Sixteenth Century Society and Conference, Bruges, Belgium
18-20 August 2016
Co-opetition: Testing the Bounds of Cooperation and Competition
Session Sponsored by the Italian Art Society
John von Neumann and Oskar Morgenstern’s landmark 1944 publication,
Theory of Games and Economic Behavior, introduced the world to the
economic field of Game Theory and proposed the principle of
co-opetition. Originally suggested as a method of interaction between
businesses, the theory holds that when two competitive entities share
congruent interests, working together to develop those shared
characteristics will lead to a greater outcome than isolated efforts.

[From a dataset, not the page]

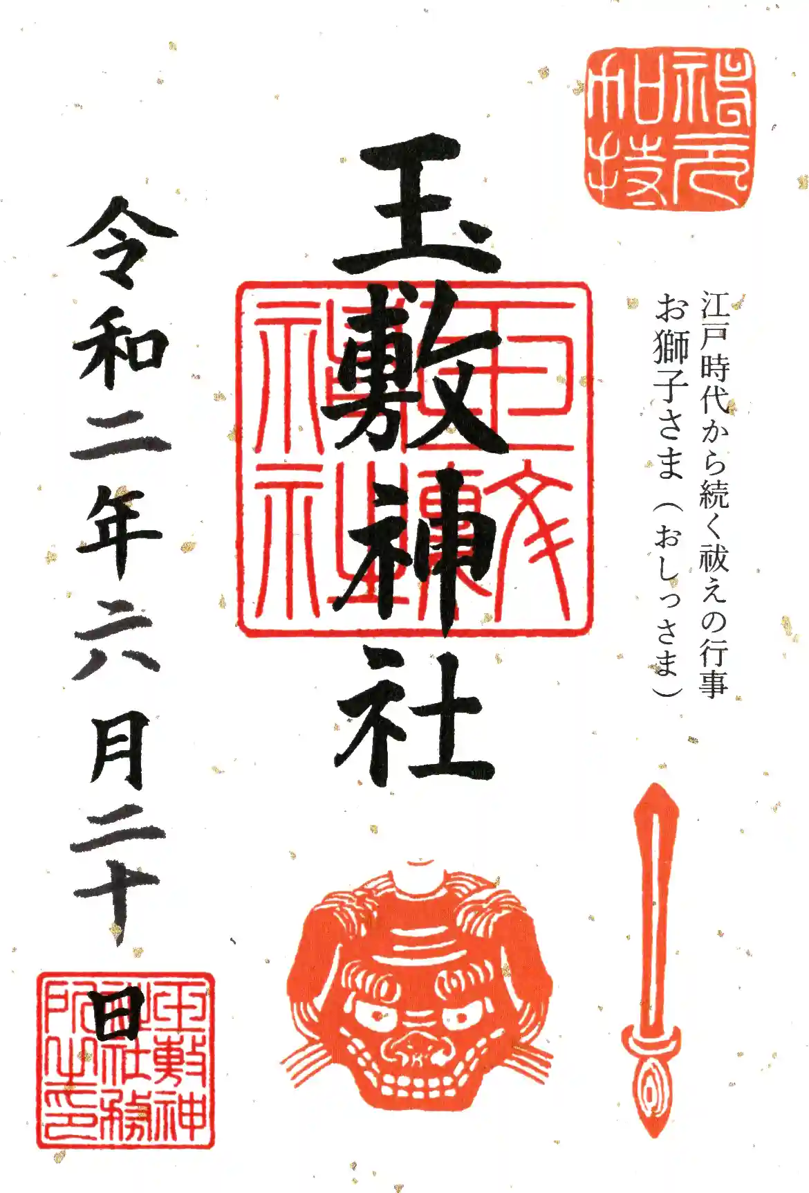 現在(6/20)、玉敷神社の神苑の玉敷公園と旧河野邸では、紫陽花が見頃を迎えています。参拝を兼ねてちょっとしたお散歩にはよろしいかと思われます。御朱印は「お獅子さま」が配された限定御朱印がありましたのでいただいてまいりました。こちらは揮毫のものではなく、印刷のものになります。
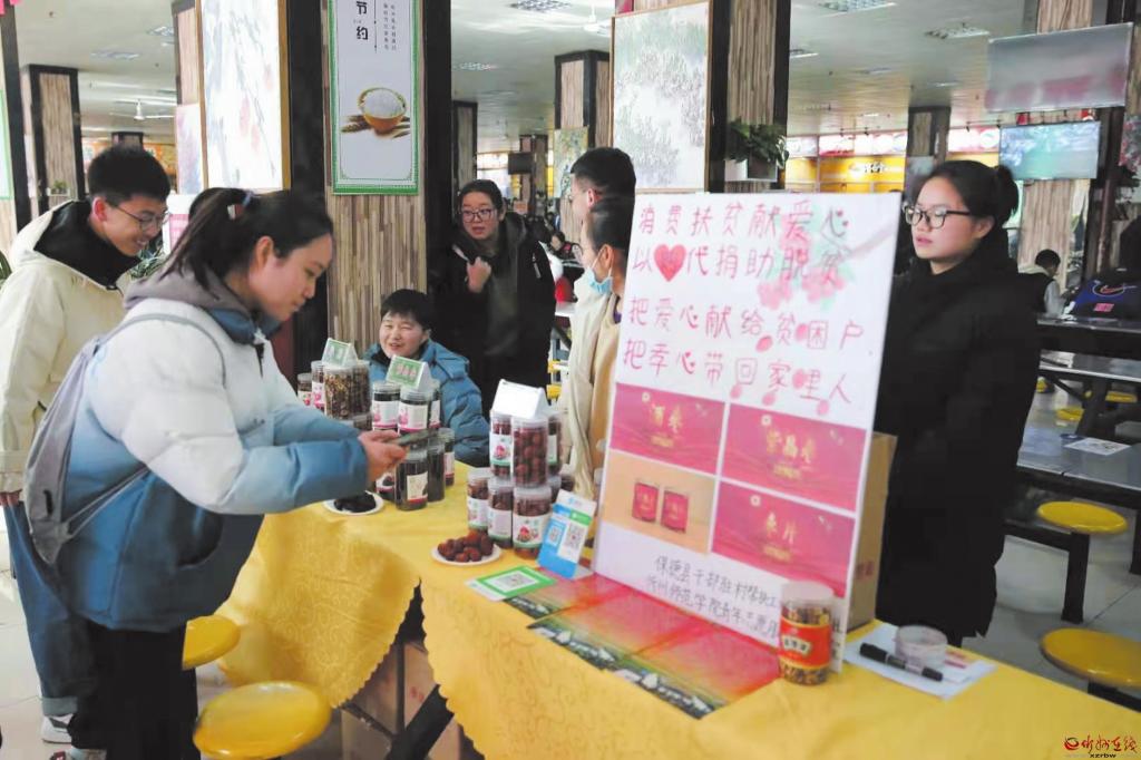 “以購代捐”活動改變了以往的捐贈模式,讓定點幫扶村的產(chǎn)品變成了商品,有效解決了農(nóng)產(chǎn)品銷路問題,既激發(fā)了農(nóng)民群眾努力生產(chǎn)、勤勞致富的積極性,又拉近了廣大師生與農(nóng)民的距離,形成了“我勤勞、我致富”“我參與、我幸?!钡牧己梅諊?(武大力)

This concept has been applied in earlier research to the working
relationship between early sixteenth-century figures Raphael and
Baldassarre Peruzzi in the negotiations of artistic and architectural
commissions at the Roman Villa Chigi (known today as the Villa
Farnesina). Though the two were inherent competitors, the visual record
at the Villa Farnesina suggests that competition was tempered with
collaboration to yield a striking series of visual narratives that
today are recognized as a watershed moment in Roman artistic and
architectural history.
This session aims to advance this initial exploration by inviting paper
topics that work to apply this theory of co-opetition to the larger
field of early sixteenth-century Italian artistic and architectural
production as a nuanced engagement between the parameters of
competition and cooperation, examining instances where normally
competitive forces chose to work in tandem to achieve an ultimate
artistic goal. Papers could trace this theme within a singular work
that exhibits these tensions to a larger negotiation, for example, one
that occurs between workshop participants or large-scale commissions.

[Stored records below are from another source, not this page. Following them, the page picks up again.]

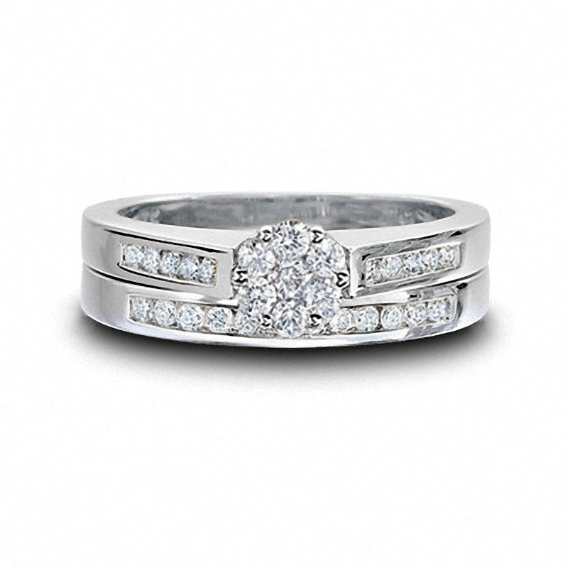 Previously Owned - 0.50 CT. T.W. Natural Diamond Flower Bridal Engagement Ring Set in Solid 14K White Gold
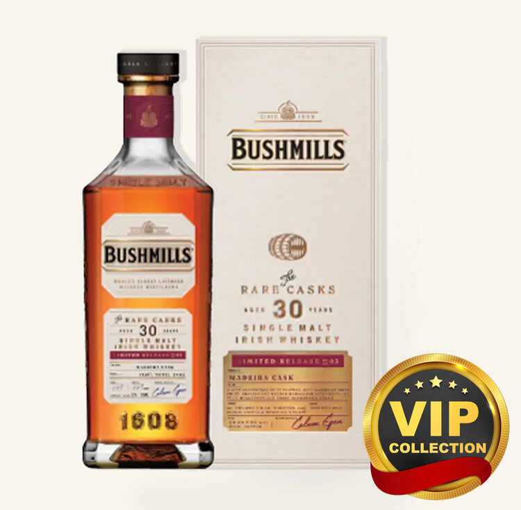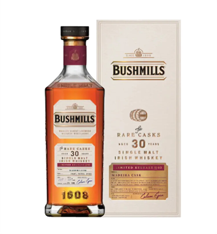 Presenting Limited Release No. 03 from Bushmills' "The Rare Casks" series - a collection of the world's most extraordinary single malt whiskeys. Aged in hand-selected casks and released in limited quantities across the US, this collection is a whiskey connoisseur's dream. The star of the series is the 30 Year Old Single Malt: Madeira Cask, the oldest entry thus far. The Madeira Cask adds a unique twist to the Rare Cask repertoire. The whiskey spends the majority of its maturation in three first-fill Madeira wine casks, following an initial aging period of just over 13 years in bourbon and sherry casks. The Madeira wine's character, influenced by the subtropical and rugged terroir, marks an exciting new flavor territory. Non-chill filtered and bottled at cask strength, the whiskey attains a balance and complexity of flavor that is unsurpassed. Lovers of Bushmills 21 Year Old's Madeira character, take note: This is the more complex and rare successor.
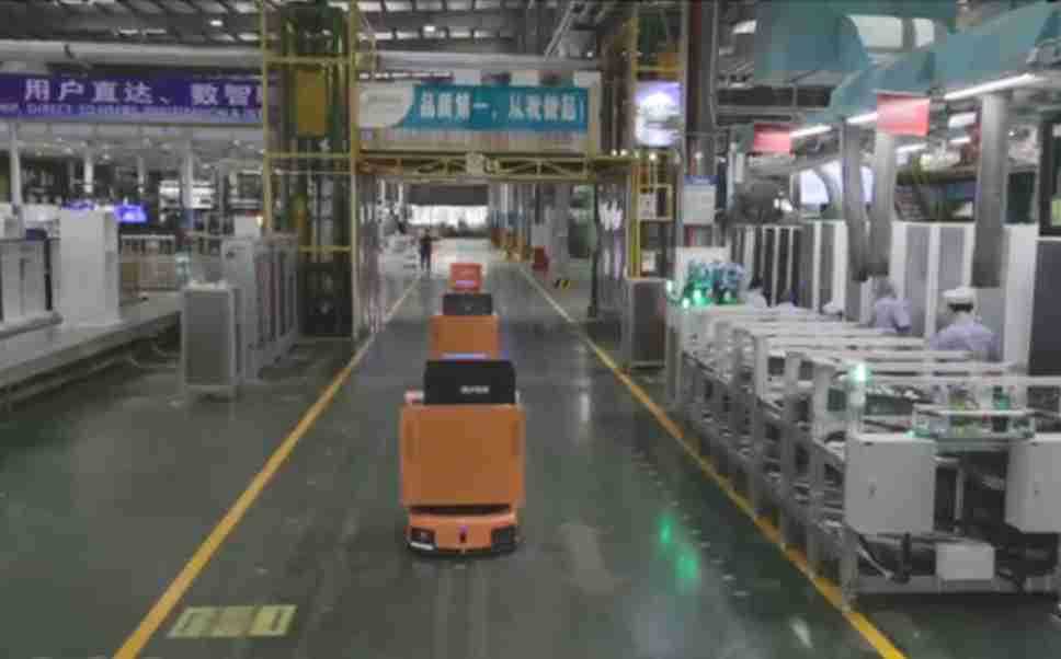为车载冰箱物流配送打造的智能解决方案,,,包含产中物流通过潜伏举升AMR搬运至线边,,产后成品物流智能仓储,,,流程包含产中物流智能齐套入库,,,线边安灯叫料AMR智能配送至线边,,成品入库、、、出库,,通过无人堆高车机器人,,智能仓储管理替代人工作业管理,,实现更高存储、、更高效率、、、更具柔性化的解决方案。。。
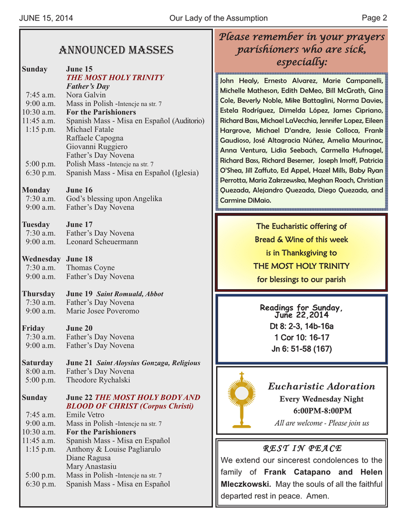 JUNE 15, 2014 Sunday 7:45 a.m. 9:00 a.m. 10:30 a.m. 11:45 a.m. 1:15 p.m. 5:00 p.m. 6:30 p.m. Monday 7:30 a.m. 9:00 a.m. Tuesday 7:30 a.m. 9:00 a.m. ANNOUNCED MASSES June 15 THE MOST HOLY TRINITY Father’s Day Nora Galvin Mass in Polish -Intencje na str. 7 For the Parishioners Spanish Mass - Misa en Español (Auditorio) Michael Fatale Raffaele Capogna Giovanni Ruggiero Father’s Day Novena Polish Mass -Intencje na str. 7 Spanish Mass - Misa en Español (Iglesia) June 16 God’s blessing upon Angelika Father’s Day Novena June 17 Father’s Day Novena Leonard Scheuermann Wednesday June 18 7:30 a.m. Thomas Coyne 9:00 a.m. Father’s Day Novena Thursday 7:30 a.m. 9:00 a.m. Friday 7:30 a.m. 9:00 a.m. Saturday 8:00 a.m. 5:00 p.m. Sunday 7:45 a.m. 9:00 a.m. 10:30 a.m. 11:45 a.m. 1:15 p.m. 5:00 p.m. 6:30 p.m. Page 2 Our Lady of the Assumption June 19 Saint Romuald, Abbot Father’s Day Novena Marie Josee Poveromo June 20 Father’s Day Novena Father’s Day Novena June 21 Saint Aloysius Gonzaga, Religious Father’s Day Novena Theodore Rychalski June 22 THE MOST HOLY BODY AND BLOOD OF CHRIST (Corpus Christi) Emile Vetro Mass in Polish -Intencje na str. 7 For the Parishioners Spanish Mass - Misa en Español Anthony & Louise Pagliarulo Diane Ragusa Mary Anastasiu Mass in Polish -Intencje na str. 7 Spanish Mass - Misa en Español Please remember in your prayers parishioners who are sick, especially: John Healy, Ernesto Alvarez, Marie Campanelli, Michelle Matheson, Edith DeMeo, Bill McGrath, Gina Cole, Beverly Noble, Mike Battaglini, Norma Davies, Estela Rodríguez, Dimelda López, James Cipriano, Richard Bass, Michael LaVecchia, Jennifer Lopez, Eileen Hargrove, Michael D’andre, Jessie Colloca, Frank Gaudioso, José Altagracia Núñez, Amelia Maurinac, Anna Ventura, Lidia Seebach, Carmella Hufnagel, Richard Bass, Richard Besemer, Joseph Imoff, Patricia O’Shea, Jill Zaffuto, Ed Appel, Hazel Mills, Baby Ryan Perrotta, Maria Zakrzewska, Meghan Roach, Christian Quezada, Alejandro Quezada, Diego Quezada, and Carmine DiMaio. The Eucharistic offering of Bread & Wine of this week is in Thanksgiving to THE MOST HOLY TRINITY for blessings to our parish Readings for Sunday, June 22,2014 Dt 8: 2-3, 14b-16a 1 Cor 10: 16-17 Jn 6: 51-58 (167) Eucharistic Adoration Every Wednesday Night 6:00PM-8:00PM All are welcome - Please join us REST IN PEACE We extend our sincerest condolences to the family of Frank Catapano and Helen Mleczkowski. May the souls of all the faithful departed rest in peace. Amen. JUNE 15, 2014 Our Lady of the Assumption SACRIFICIAL GIVING Parish Financial Summary Week of 8 de Junio, 2014 Weekly Budget $ 10,300.00 Collection $ 11,115.00 +/- $10,300 +$ 815.00 Year to date +$ 6,721 .00 Mass Attendance 2816 Same week last year $10,908 .00 Your kind and generous support of our parish is greatly appreciated. Parish Renovation Campaign “Our Parish . . . Our Future” Total Pledged: $ 613,764 Paid to Date: $ 452,567 # of Gifts: 548 Thank you for your support! THE ANONYMOUS PEOPLE Please make every effort to see this highly acclaimed documentory film about the 23 million Americans living in long term recovery from alcohol and other drug abuse. It will be presented at Tanner Park Senior Center on Friday, June 20th, at 7PM. OUTREACH PROGRAM Last week, I neglected to tell you not to hang by your thumbs waiting for the list of contributors to the Outreach Food Pantry. Doubtful that it will be ready by Thanksgiving. This week we ask that you stick to the the edible sale items as random foods are needed. Come support the Copiague Wrestling Team CAR WASH Saturday, June 14th and 21st 10:00AM-2:00PM Donation $5.00 Great Neck Road Elementary School To All Our Fathers: We Wish You a Happy and Blessed FATHER’S DAY! Page 3 RELIGIOUS EDUCATION REGISTRATION Registration for the 2014-2015 school year will begin on Tuesday, August 12th and extend through Tuesday, September 23rd. It will be held at the Religious Ed offices on Tuesdays, Wednesdays, and Thursdays. Times for Registration: Tuesday 2PM to 7PM Wednesday 2PM to 5PM Thursday 2PM to 5PM The tuition fee for the school year 2014-2015 will be the same as last year. However, we are adding a preparation fee of $50 for First Holy Communion. We already have a preparation fee for Confirmation. These fees help defray the costs of certificates, photography, retreat, confirmation gown etc. These payments They must be paid at the same time as the tuition fee. Fee rates: Tuition for one Child $120 Tuition for 2 or more children $150 Preparation for First Communion $ 50 Preparation for Confirmation $ 85 NOTE: Parents of students advancing to Grade 7, 8 or Prep 6 must meet with the Religious Ed Director at the time of registration to receive Confirmation Requirement forms and information. If your child is registering for the first time (must be at least 6 years old): Please bring your child’s Baptismal Certificate so we can make a copy for our records. This is necessary even if your child was baptized at OLA. (If your child has never baptized, please bring the Birth Certificate) If your child has already received First Communion, please bring the First Communion Certificate (or other documentation) showing this. If you have any questions, call us at (631) 8423545. Note: The Religious Ed office will be closed in July. PROTECTING GOD’S CHILDREN VIRTUS TRAINING for OLA Volunteers, will be offered on June 21st and July 19th, in the Lower Church Hall from 10:00am-11:30am. Register on-line at www.drvc.org Virtus Online. Please contact Pam Fitzgerald at (516) 551-2494 for more information. As a reminder, all NEW parish volunteers must have a background screening check. Forms are available in the Rectory Office. JUNE 15, 2014 Page 4 Our Lady of the Assumption Available Mass Intentions for the following weeks are: June 25th 7:30AM & 9:00AM; June 26th 7:30AM;June 27th 7:30AM; June 29th 7:45AM; June 30th 7:30AM; July 1st 7:30AM; July 3rd 7:30AM; July 4th 7:30AM; July 5th 8:00

The goal of this session is to better elucidate this term in its
applications to art and architecture and to assess more globally its
validity in such applications to the working relationships of
sixteenth-century figures.
Prospective participants should send a brief abstract (no more than 300
words) and a brief curriculum vitae (300-word maximum in outline rather
than narrative form) to [log in to unmask] by 1 February, 2016.